■ What the task requires: Write the entries out again in full and unchanged, dropping every image.
━━━━━ Source material
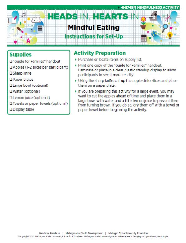 In this activity, you will practice mindful eating. The goal of mindful eating is to eat slowly using all of your senses. This activity will challenge you to slow down, eat with mindful attention and focus your energy on the present moment.
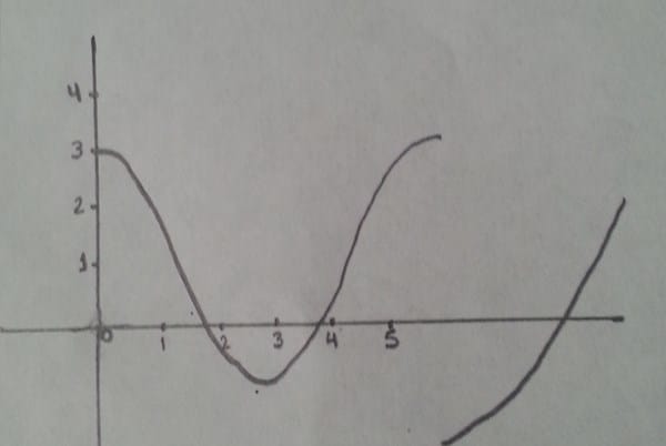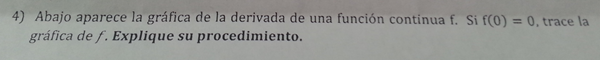Yo lo resolvería partiendo de cero, dibujaría un poquito de la recta y=3x ya que la derivada en x=0 es 3. Donde terminara dibujaría otro poquito de la recta con pendiente lo que valiera la derivada del punto donde estoy. Y asi continuaría dibujando en trocitos donde termino el anterior que tienen la pendiente de lo que vale la derivada respectiva. Cuanto más pequeños sean los pasos mayor precisión se logra. No obstante es un proceso pesado y el resultado no suele ser muy exacto. Y es muy difícil recrearlo aquí gráficamente. Si has dado ecuaciones diferenciales seguro que habrás visto algún campo de direcciones que es parecido a lo que hacemos.
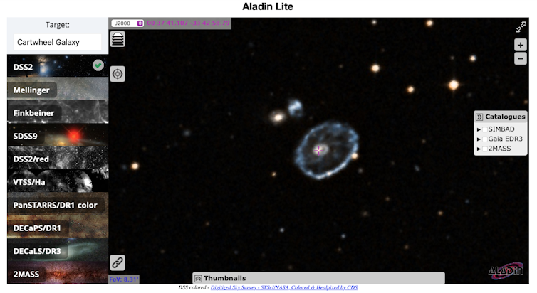 Let’s start our universal tour by searching for one of the most visually stunning galaxies out there, the Cartwheel Galaxy. In the Aladin interface, you can search for both the popular name of an object (like “cartwheel galaxy”) or known co-ordinates. The location will be centered in the interface.
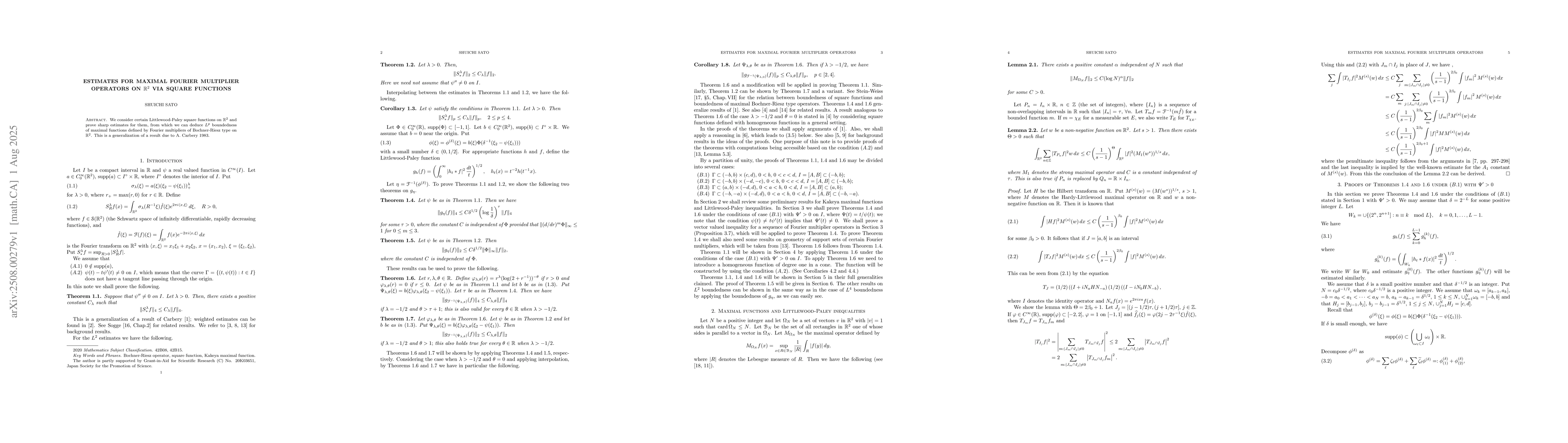 We consider certain Littlewood-Paley square functions on $\Bbb R^2$ and prove sharp estimates for them, from which we can deduce $L^p$ boundedness of maximal functions defined by Fourier multipliers of Bochner-Riesz type on $\Bbb R^2$. This is a generalization of a result due to A. Carbery 1983.
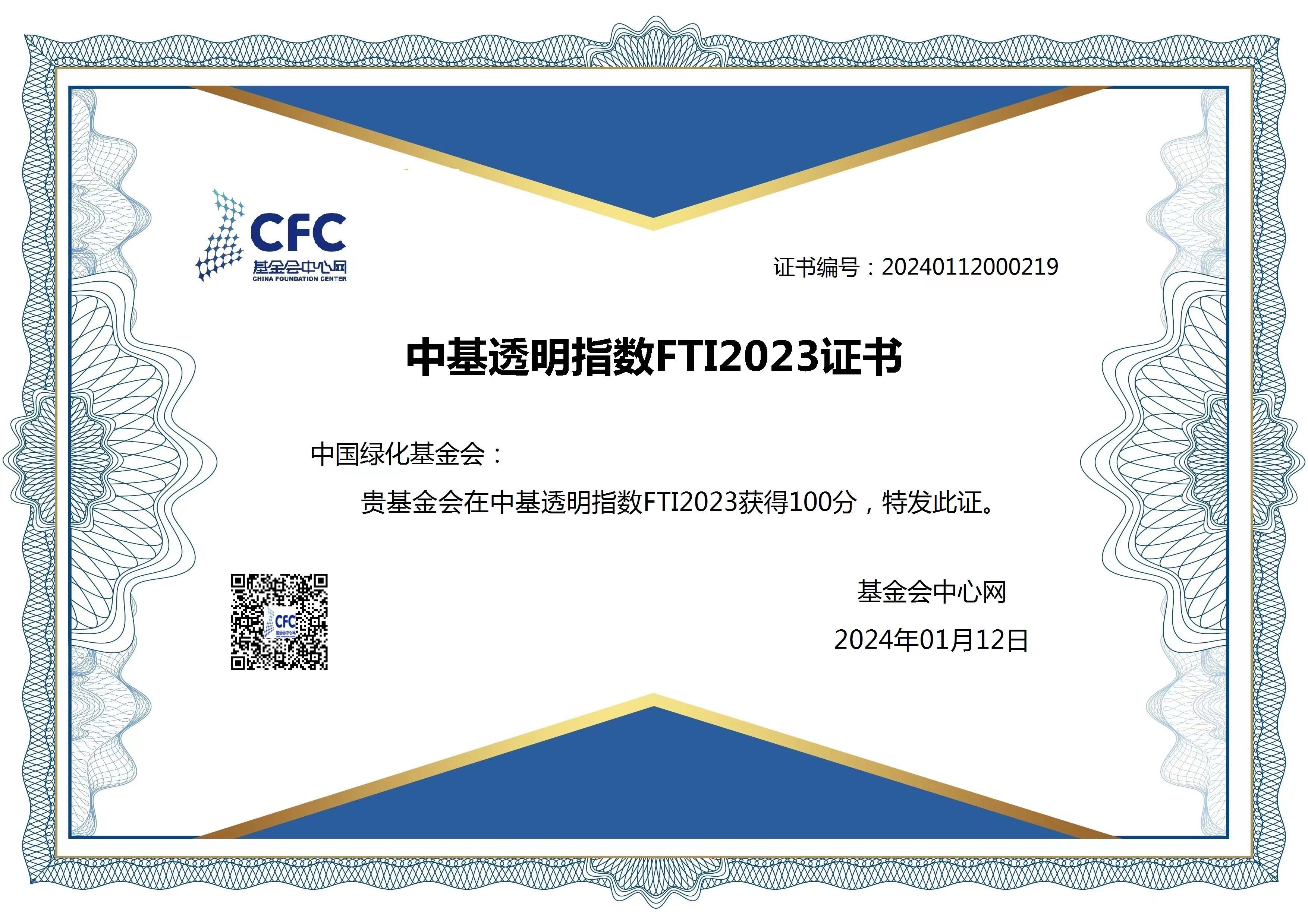 2024年1月12日,中国基金会行业在北京召开数据发布会,发布中基透明指数FTI2023榜单,中国绿化基金会荣获中基透明指数FTI满分。
━━━━━━━━━━
■ Answer space:
 In this activity, you will practice mindful eating. The goal of mindful eating is to eat slowly using all of your senses. This activity will challenge you to slow down, eat with mindful attention and focus your energy on the present moment.
Yo lo resolvería partiendo de cero, dibujaría un poquito de la recta y=3x ya que la derivada en x=0 es 3. Donde terminara dibujaría otro poquito de la recta con pendiente lo que valiera la derivada del punto donde estoy. Y asi continuaría dibujando en trocitos donde termino el anterior que tienen la pendiente de lo que vale la derivada respectiva. Cuanto más pequeños sean los pasos mayor precisión se logra. No obstante es un proceso pesado y el resultado no suele ser muy exacto. Y es muy difícil recrearlo aquí gráficamente. Si has dado ecuaciones diferenciales seguro que habrás visto algún campo de direcciones que es parecido a lo que hacemos.
 Let’s start our universal tour by searching for one of the most visually stunning galaxies out there, the Cartwheel Galaxy. In the Aladin interface, you can search for both the popular name of an object (like “cartwheel galaxy”) or known co-ordinates. The location will be centered in the interface.
 We consider certain Littlewood-Paley square functions on $\Bbb R^2$ and prove sharp estimates for them, from which we can deduce $L^p$ boundedness of maximal functions defined by Fourier multipliers of Bochner-Riesz type on $\Bbb R^2$. This is a generalization of a result due to A. Carbery 1983.
 2024年1月12日,中国基金会行业在北京召开数据发布会,发布中基透明指数FTI2023榜单,中国绿化基金会荣获中基透明指数FTI满分。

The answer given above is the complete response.